Why Is My Code Not Working? Understanding and Fixing Common Errors
Every programmer, no matter how experienced, has faced the dreaded “My code isn’t working” moment. Whether you're working with Python or any other language, understanding the types of errors and how to fix them is crucial. Let’s break it down in a human-readable, practical way.
Start Here: Do You Get an Error When You Run the Code?
The first step is simple. When you run the code:
- Does it throw an error? If yes, look at the error message. It often tells you exactly what went wrong and where.
- If no error appears, but the code isn’t producing the expected result, the issue may be logical, such as incorrect loops or conditions.
If You See an Error… What Type Is It?
Let’s walk through the most common error types and what they mean.
1. NameError
This occurs when you:
- Misspell a variable, function, or method name.
- Forget to import a module you’re trying to use.
- Try to print a variable that hasn’t been defined.
- Use a variable outside its intended scope.

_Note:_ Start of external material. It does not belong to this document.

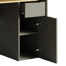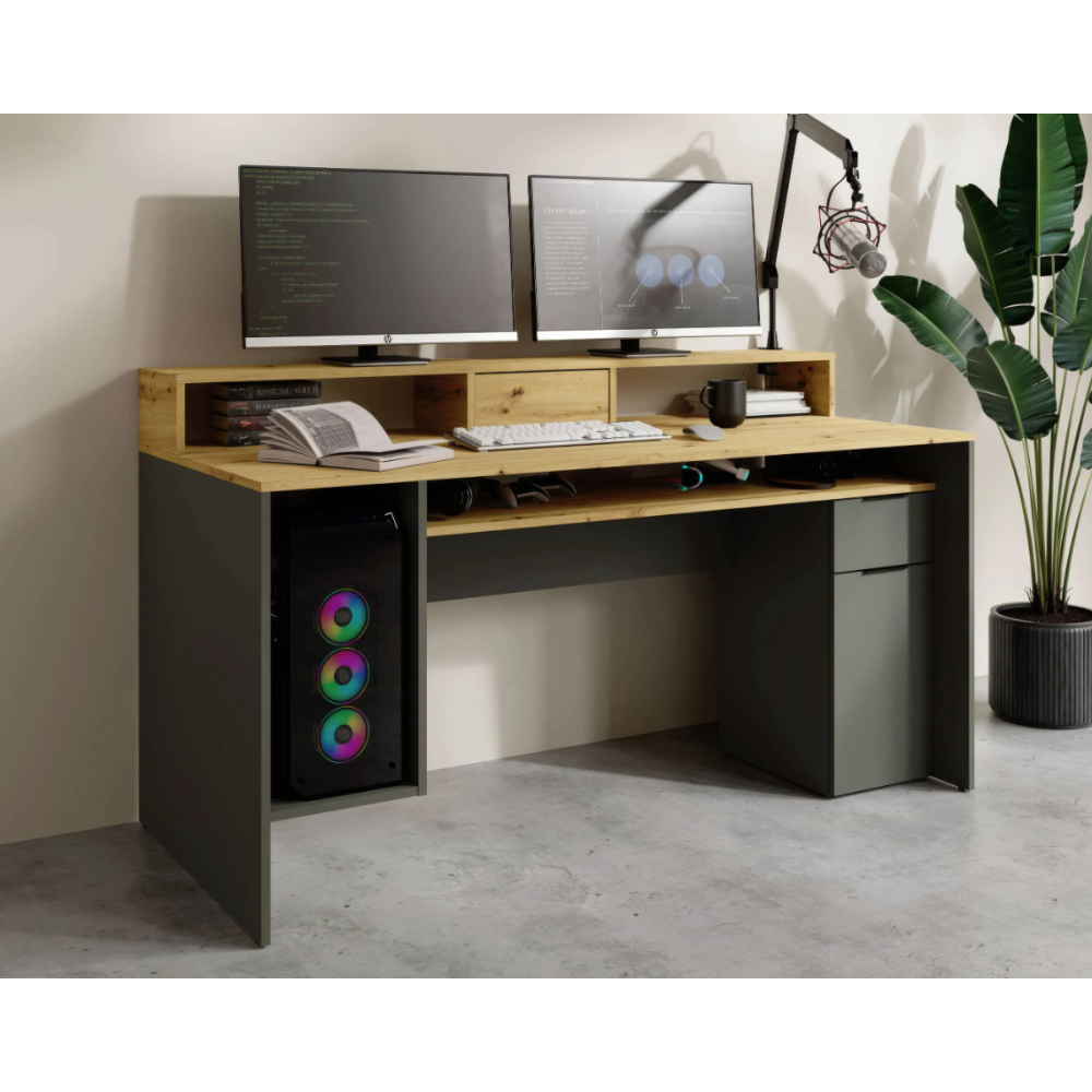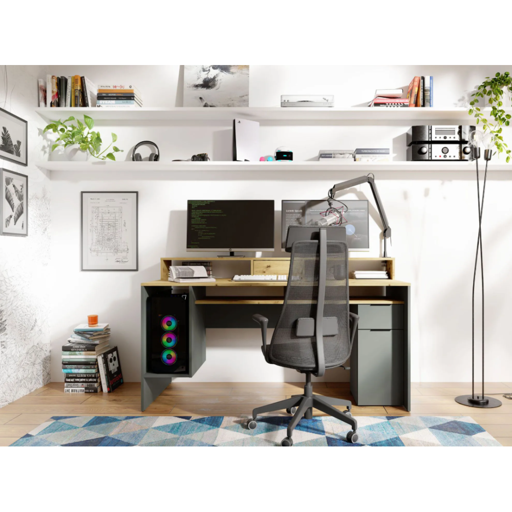 Le bureau REX allie esthétique moderne et grande fonctionnalité pour créer un espace de travail organisé. Avec sa finition chêne artisan et gris graphite, il s’intègre facilement dans un intérieur contemporain. Il dispose d’un tiroir, d’une porte, et de sept compartiments ouverts pour un rangement facile de livres, dossiers et fournitures. Grâce à sa réhausse de 39 cm, vous bénéficiez d’un espace optimisé pour poser écrans ou décorations - Dimensions 91 × 160 × 70 cm - Idéal pour télétravail, études ou loisirs créatifs, combinant ergonomie et design pratique.

📝 Tip: Double-check your spelling and ensure the variable or function is properly defined. Remember Python is case-sensitive!
2. IOError (or OSError)
This happens when:
- You try to open a file that doesn’t exist.
- You use a wrong file path or permissions.
📝 Tip: Always check if the file path is correct and the file exists. Use absolute paths for clarity.
3. KeyError
This means:
- You’re trying to access a key in a dictionary that doesn’t exist.
📝 Tip: You can use .get(key)
with a default value to prevent KeyErrors. Alternatively, check if the key exists with if key in dict:
before accessing it.
4. AttributeError
This occurs when:
- You’re calling a method on the wrong type of object.
- You’re accessing an attribute that doesn’t exist for that object.
📝 Tip: Verify the object’s type and available methods using dir(object)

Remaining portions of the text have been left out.